• _Work instruction_
Every line of the material below should be output exactly as written, with the images skipped.
BEGIN Records to use
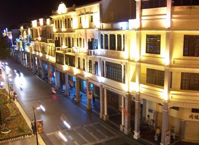 長堤風(fēng)貌街的建筑大部分在20世紀(jì)二、三十年代建成。建筑風(fēng)格中西結(jié)合,數(shù)百間騎樓各具特色,是江門的商業(yè)老區(qū),鼎盛時期,商業(yè)、娛樂、物流等風(fēng)生水起,高度繁榮,曾有“小廣州”之稱,也是目前廣東省內(nèi)乃至國內(nèi)保存較完整且僑鄉(xiāng)特色明顯的歷史文化街區(qū)。2001年,隨著改造整治工程完工,版權(quán)所有山東聊城聊之旅國際旅行社有限公司,轉(zhuǎn)載必究!長堤風(fēng)貌街以嶄新的面貌呈現(xiàn)在人們面前,成為江門城市建設(shè)的一大亮點和市區(qū)極具僑鄉(xiāng)文化特色的街市
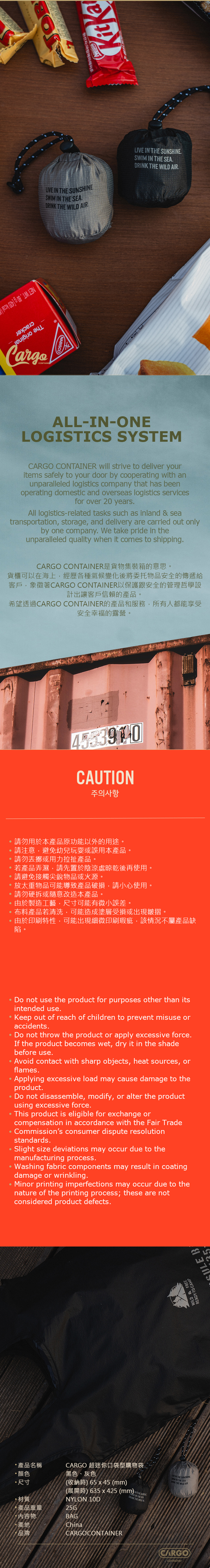 此為預購商品,下單後備貨約14-35個工作日(不含六日)出貨,若提早到貨會盡快寄出,到貨後約1-3個工作日送達您指定的地址 露營、旅行、運動、日常使用 超迷你尺寸(65×45mm) 超輕量(僅 25g) 10D 尼龍 Ripstop 布料
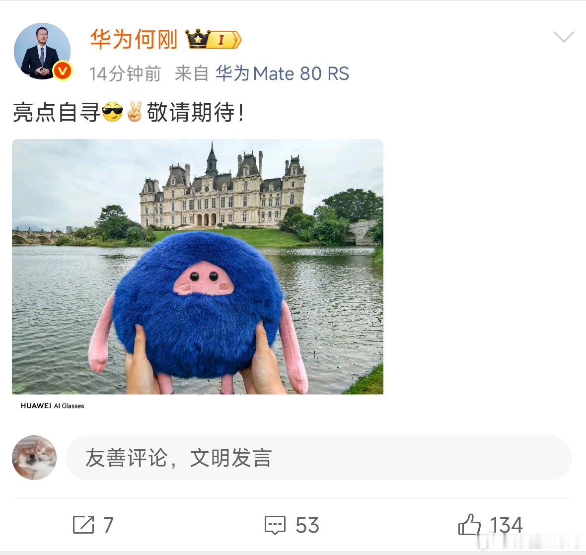 华为将发布AI眼镜HUAWEI AI Glasses也要来了,何刚晒出来的应该是用HUAWEI AI Glasses拍摄的照片。非常棒的华为AI眼镜带给大家。
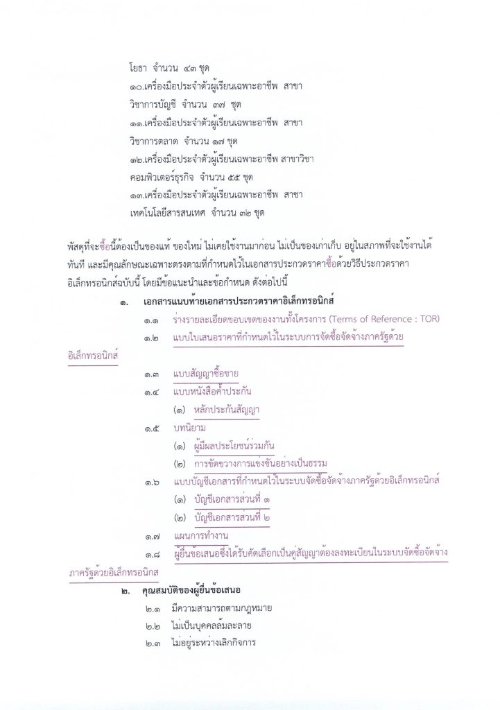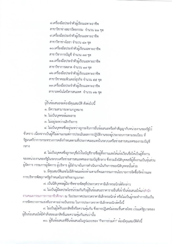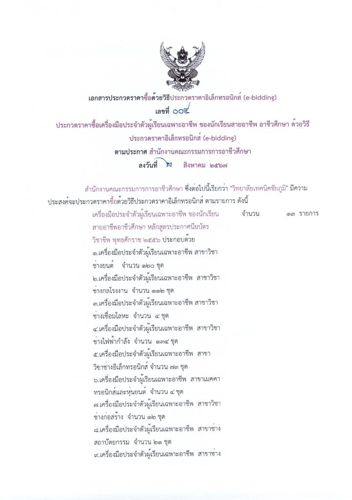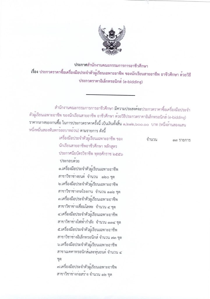 ประกวดราคาซื้อเครื่องมือประจำตัวผู้เรียนเฉพาะอาชีพฯ
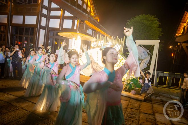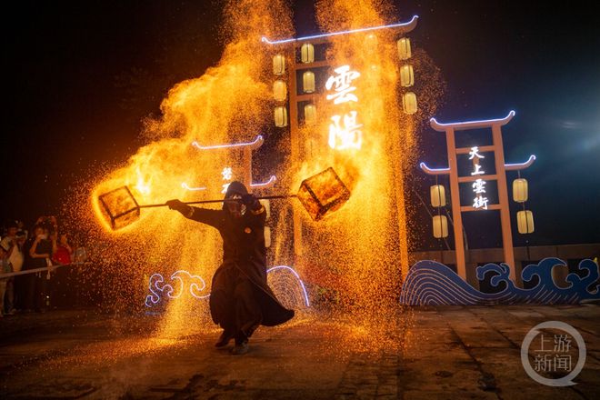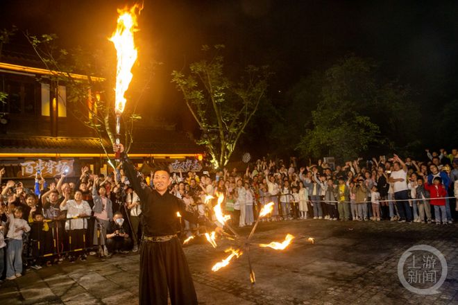 夜幕降臨時(shí),非遺火壺表演的烈焰劃破夜空,川劇變臉的驚鴻一瞬,與年輕人自發(fā)的舞蹈快閃形成奇妙共振。
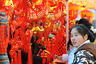 市民在南京夫子廟年貨大街選購民間工藝飾品。本報記者 孫參 攝 |
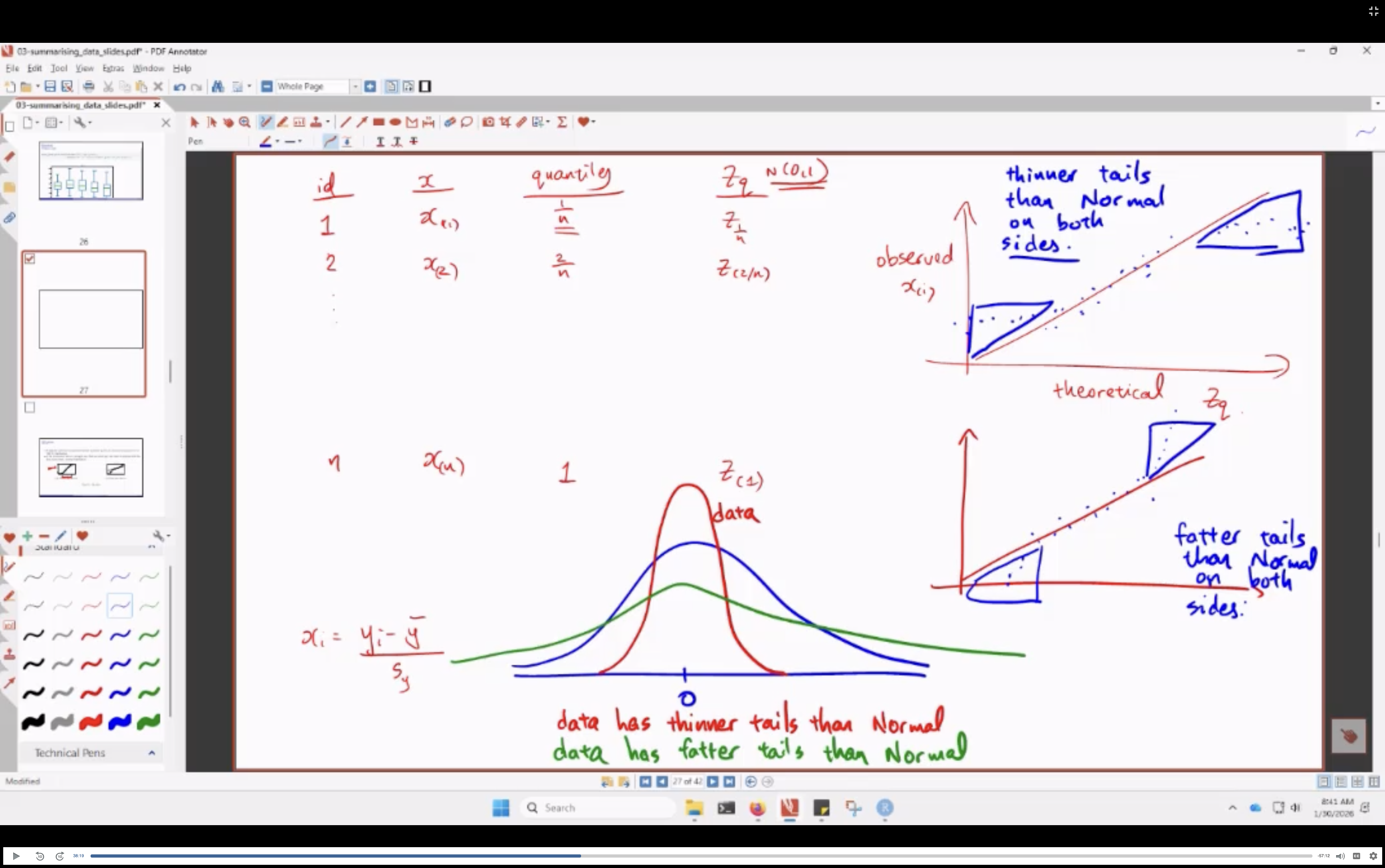 a QQ-plot plots the standardised sample quantiles against the theoretical quantiles of a N(0,1) distribution. if the points fall on a straight line, then we say there is evidence that the data comes from a Normal distribution.
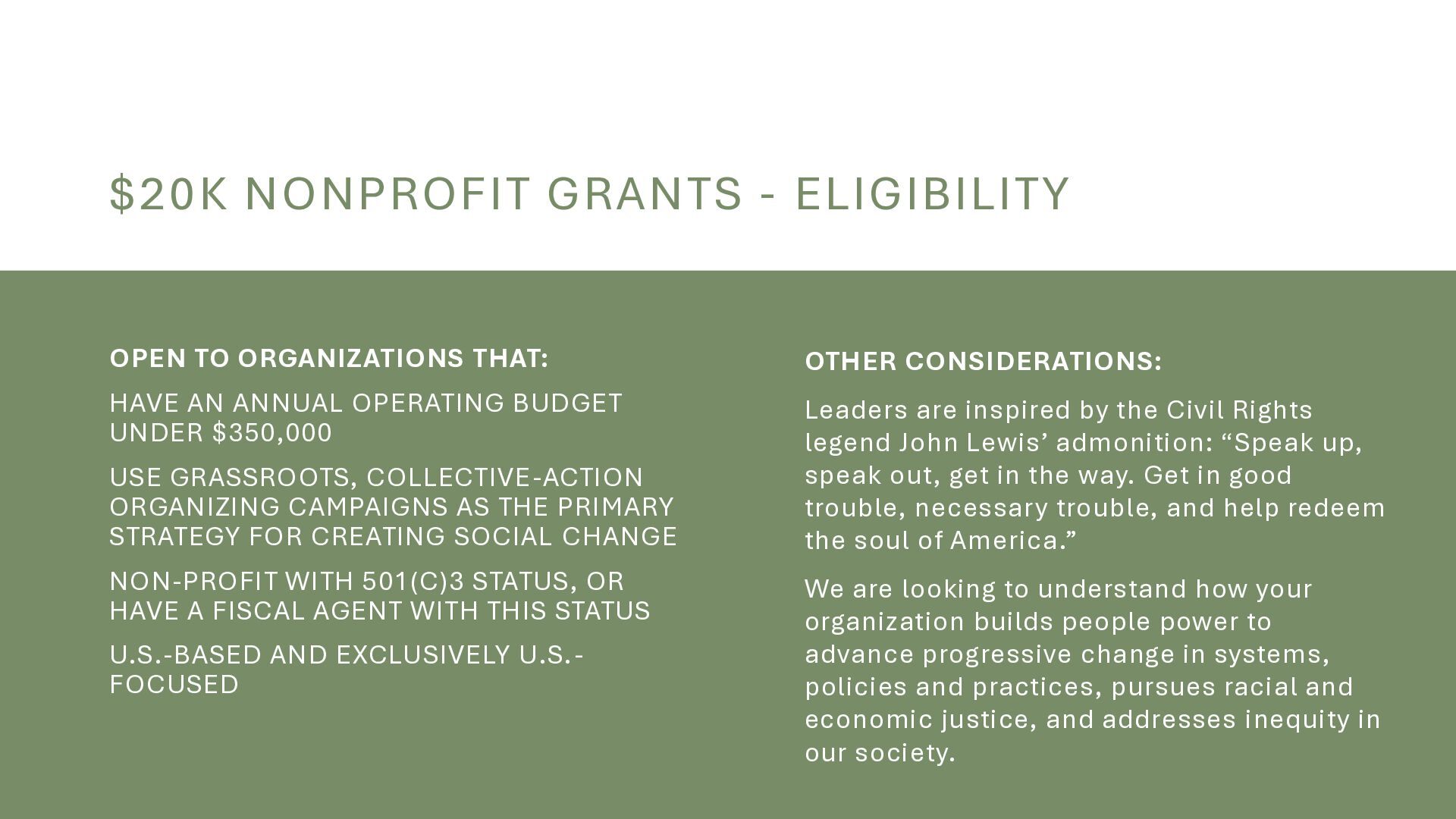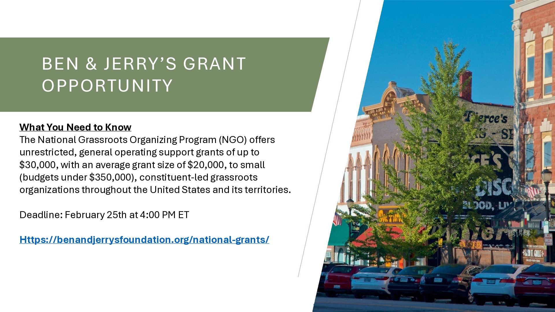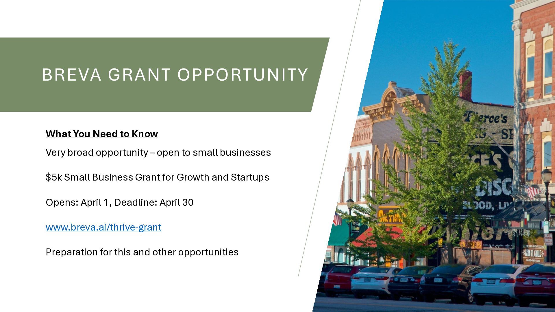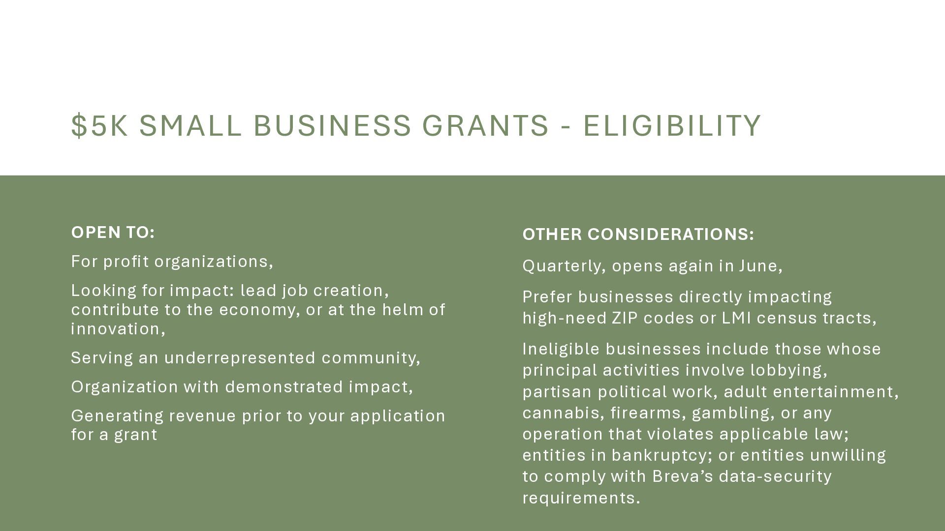 organizations, Looking for impact: lead job creation, contribute to the economy, or at the helm of innovation, Serving an underrepresented community, Organization with demonstrated impact, Generating revenue prior to your application for a grant OTHER CONSIDERATIONS: Quarterly, opens again in June, Prefer businesses directly impacting high-need ZIP codes or LMI census tracts, Ineligible businesses include those whose principal activities involve lobbying, partisan political work, adult entertainment, cannabis, firearms, gambling, or any operation that violates applicable law; entities in bankruptcy; or entities unwilling to comply with Breva’s data-security requirements.
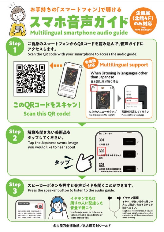 スマホとイヤホンで学芸員監修の解説が聴ける音声ガイド(50言語・無料)。「自分のペースで聞けるのがいい」「初心者でも理解できた」と好評。企画展「いろんな刀大集合」(~3/15)で。
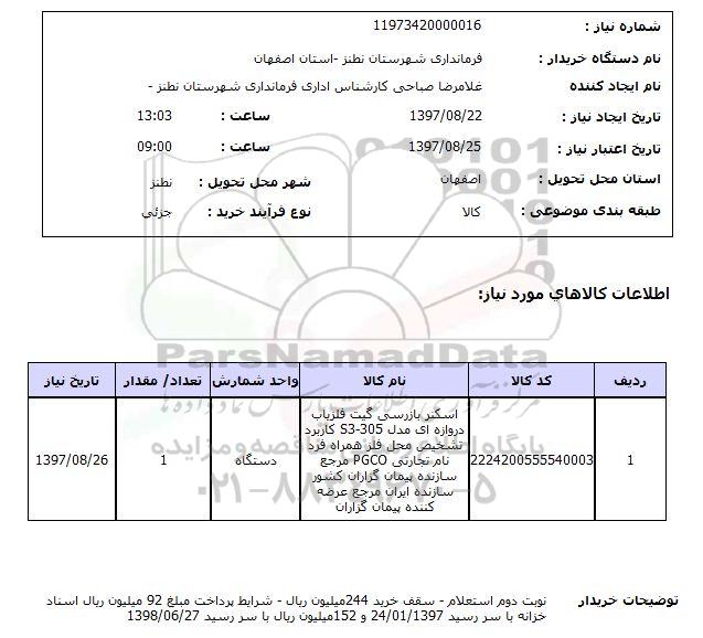 نام دستگاه خریدار: فرمانداری شهرستان نطنز - استان اصفهان
END Records to use
• _Reply to the task_
 長堤風(fēng)貌街的建筑大部分在20世紀(jì)二、三十年代建成。建筑風(fēng)格中西結(jié)合,數(shù)百間騎樓各具特色,是江門的商業(yè)老區(qū),鼎盛時期,商業(yè)、娛樂、物流等風(fēng)生水起,高度繁榮,曾有“小廣州”之稱,也是目前廣東省內(nèi)乃至國內(nèi)保存較完整且僑鄉(xiāng)特色明顯的歷史文化街區(qū)。2001年,隨著改造整治工程完工,版權(quán)所有山東聊城聊之旅國際旅行社有限公司,轉(zhuǎn)載必究!長堤風(fēng)貌街以嶄新的面貌呈現(xiàn)在人們面前,成為江門城市建設(shè)的一大亮點和市區(qū)極具僑鄉(xiāng)文化特色的街市
 此為預購商品,下單後備貨約14-35個工作日(不含六日)出貨,若提早到貨會盡快寄出,到貨後約1-3個工作日送達您指定的地址 露營、旅行、運動、日常使用 超迷你尺寸(65×45mm) 超輕量(僅 25g) 10D 尼龍 Ripstop 布料
 华为将发布AI眼镜HUAWEI AI Glasses也要来了,何刚晒出来的应该是用HUAWEI AI Glasses拍摄的照片。非常棒的华为AI眼镜带给大家。
 ประกวดราคาซื้อเครื่องมือประจำตัวผู้เรียนเฉพาะอาชีพฯ
 夜幕降臨時(shí),非遺火壺表演的烈焰劃破夜空,川劇變臉的驚鴻一瞬,與年輕人自發(fā)的舞蹈快閃形成奇妙共振。
 市民在南京夫子廟年貨大街選購民間工藝飾品。本報記者 孫參 攝 |
 a QQ-plot plots the standardised sample quantiles against the theoretical quantiles of a N(0,1) distribution. if the points fall on a straight line, then we say there is evidence that the data comes from a Normal distribution.
 organizations, Looking for impact: lead job creation, contribute to the economy, or at the helm of innovation, Serving an underrepresented community, Organization with demonstrated impact, Generating revenue prior to your application for a grant OTHER CONSIDERATIONS: Quarterly, opens again in June, Prefer businesses directly impacting high-need ZIP codes or LMI census tracts, Ineligible businesses include those whose principal activities involve lobbying, partisan political work, adult entertainment, cannabis, firearms, gambling, or any operation that violates applicable law; entities in bankruptcy; or entities unwilling to comply with Breva’s data-security requirements.
 スマホとイヤホンで学芸員監修の解説が聴ける音声ガイド(50言語・無料)。「自分のペースで聞けるのがいい」「初心者でも理解できた」と好評。企画展「いろんな刀大集合」(~3/15)で。
 نام دستگاه خریدار: فرمانداری شهرستان نطنز - استان اصفهان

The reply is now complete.